START Extracted records
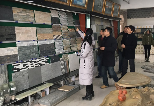 銷售人員為客人講解天然板巖的特性
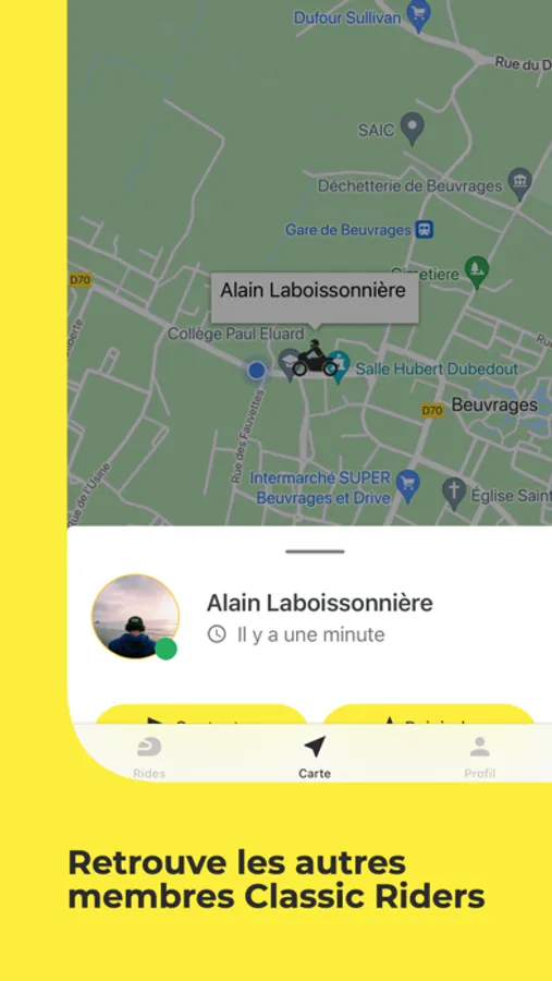 Classic Riders te permet de trouver les membres de la communauté proche de toi et de facilement les rejoindre.
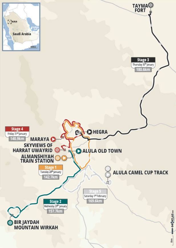 La carte et le profil des étapes de l’AlUla Tour 2026
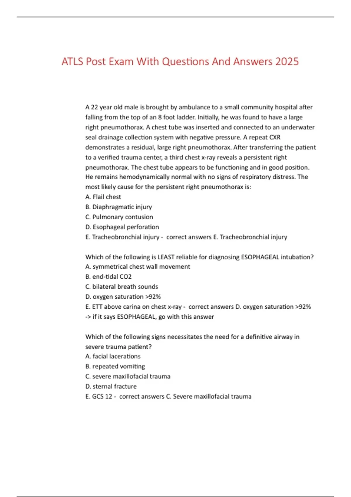 E. Tracheobronchial injury - correct answers E. Tracheobronchial injury
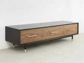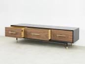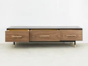 Материалы: корпус - МДФ, шпон ясеня, полуглянцевый черный лак; ящики - массив ясеня, бесцветное минеральное масло; фасады - МДФ, шпон американского ореха, полуматовый лак; декоративная фурнитура - латунь. Фурнитура - направляющие скрытого типа с доводчиками. Возможен выбор других типов отделки, варианты представлены на последнем фото.
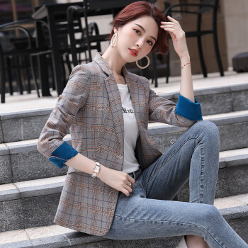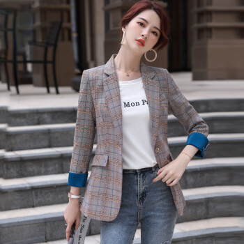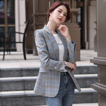 晨芙长袖格子小西装女外套时尚英伦风休闲复古学生百搭修身显瘦通勤上衣chic气质拼色小香风西服工作服 单件灰格西装 XL |
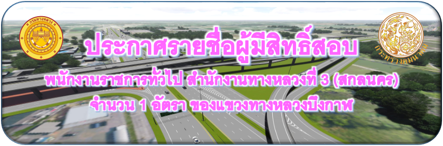 ประกาศรายชื่อผู้มีสิทธิ์สอบ พนักงานราชการทั่วไป สำนักงานทางหลวงที่ 3 (สกลนคร) จำนวน 1 อัตรา ของแขวงทางหลวงบึงกาฬ
END Extracted records
### Task objective
Only the lines from the line that contains "E. Tracheobronchial injury - correct" through the end of the entries are to be written out, exactly and without pictures, both ends included.

### Answer to this exercise
 E. Tracheobronchial injury - correct answers E. Tracheobronchial injury
 Материалы: корпус - МДФ, шпон ясеня, полуглянцевый черный лак; ящики - массив ясеня, бесцветное минеральное масло; фасады - МДФ, шпон американского ореха, полуматовый лак; декоративная фурнитура - латунь. Фурнитура - направляющие скрытого типа с доводчиками. Возможен выбор других типов отделки, варианты представлены на последнем фото.
 晨芙长袖格子小西装女外套时尚英伦风休闲复古学生百搭修身显瘦通勤上衣chic气质拼色小香风西服工作服 单件灰格西装 XL |
 ประกาศรายชื่อผู้มีสิทธิ์สอบ พนักงานราชการทั่วไป สำนักงานทางหลวงที่ 3 (สกลนคร) จำนวน 1 อัตรา ของแขวงทางหลวงบึงกาฬ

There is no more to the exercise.